The real jury is the FBI, and they have rendered their verdict.

Perhaps, after millions of dollars' legal expenses and a couple of shattered reputations, a court will throw out the indictment. But the damage will be done, and the signal will have been sent: the United States does not want to have anything to do with your commerce or your insight. Don't mess with the US casino industry. They are too powerful, and they will destroy you if you encroach on their turf.

Addendum: From those same TS forums (not to mention personal experience), liquidity is decreasing, as well. This is not necessarily TS/Intrade's fault, but it is still a damn shame.
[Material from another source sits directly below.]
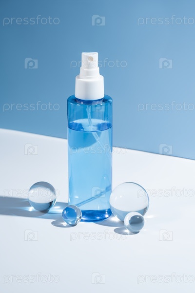 Увлажняющая мутная бутылка для лица на успокаивающем синем фоне, захватывающая свежесть спа-салона. Идеально подходит для контента самообслуживания и органического маркетинга по уходу за кожей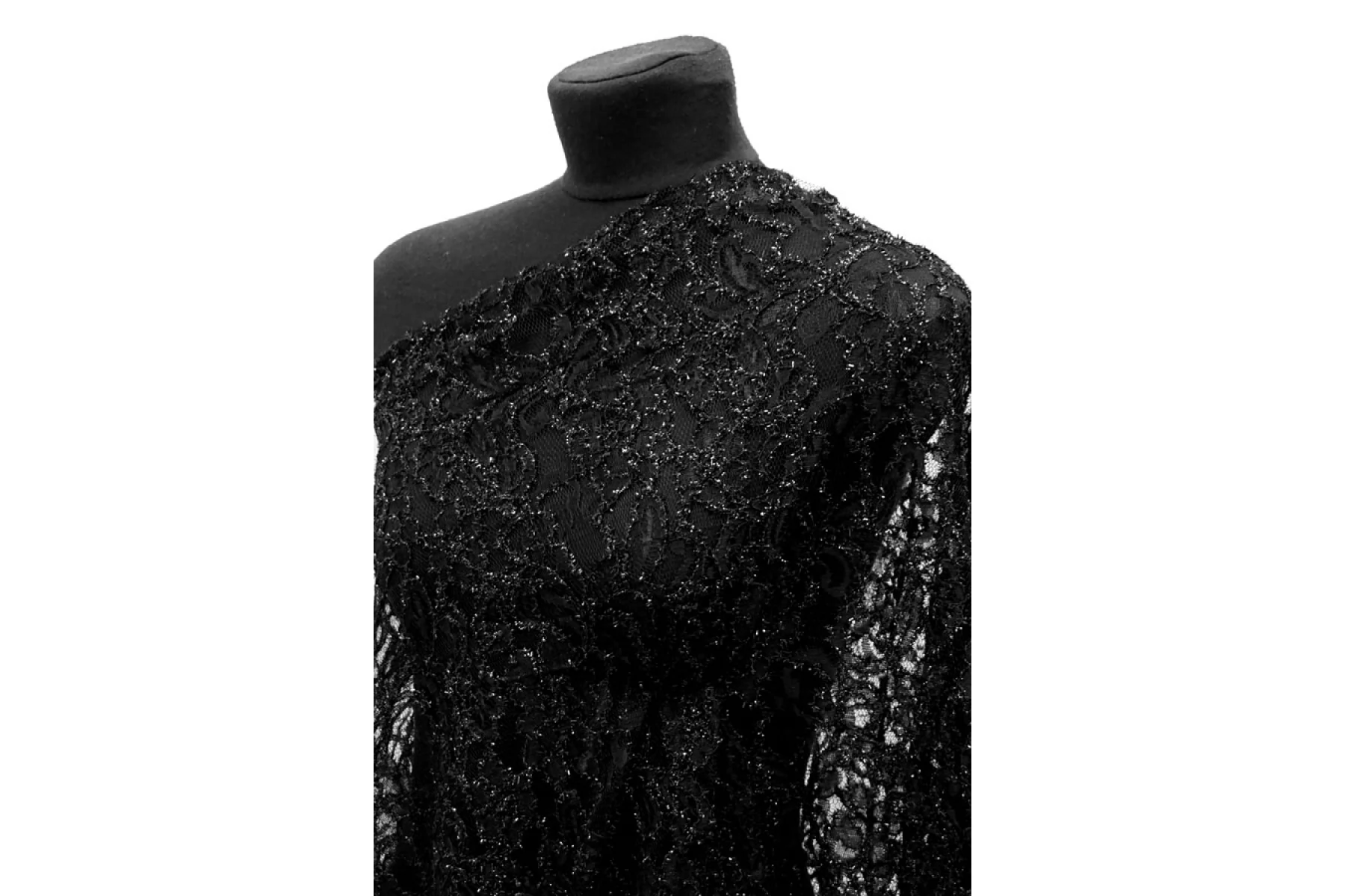 Сетка с кружевом и люрексом, в чёрном цвете с цветочным узором. Тактильно колкая, шершавая. Просвечивает, пластичная. Подойдет для пошива самостоятельного изделия (на подкладе), или отделки отдельных элементов одежды и аксессуаров.

I hope Paul Tetlock, Justin Wolfers, and other academics who have made mini-careers out of certifying the results of online prediction markets are equally fine with the decimation of said markets. (Perhaps Wolfers will entertain the fiction that play money markets are equally effective forecasters, so the ban won't affect him. Ha!) Even if that was only a secondary effect of the NETeller ban (the primary effect of which was to land a second, decisive blow to offshore gambling enterprises), it is an effect all the same. Tradesports/Intrade must either issue a statement soon about its intentions (business as usual? fight to the bitter end?), or close up shop to US investors before they walk out on their own accord.

Not being able to travel in the United States is a major cost. Tradesports has already paid a $150,000 fine to make nice with the CFTC, but you never pay somebody off once. You either pay them off until they choke you, pay them off until you reach a trust-based understanding, or you shrug them off.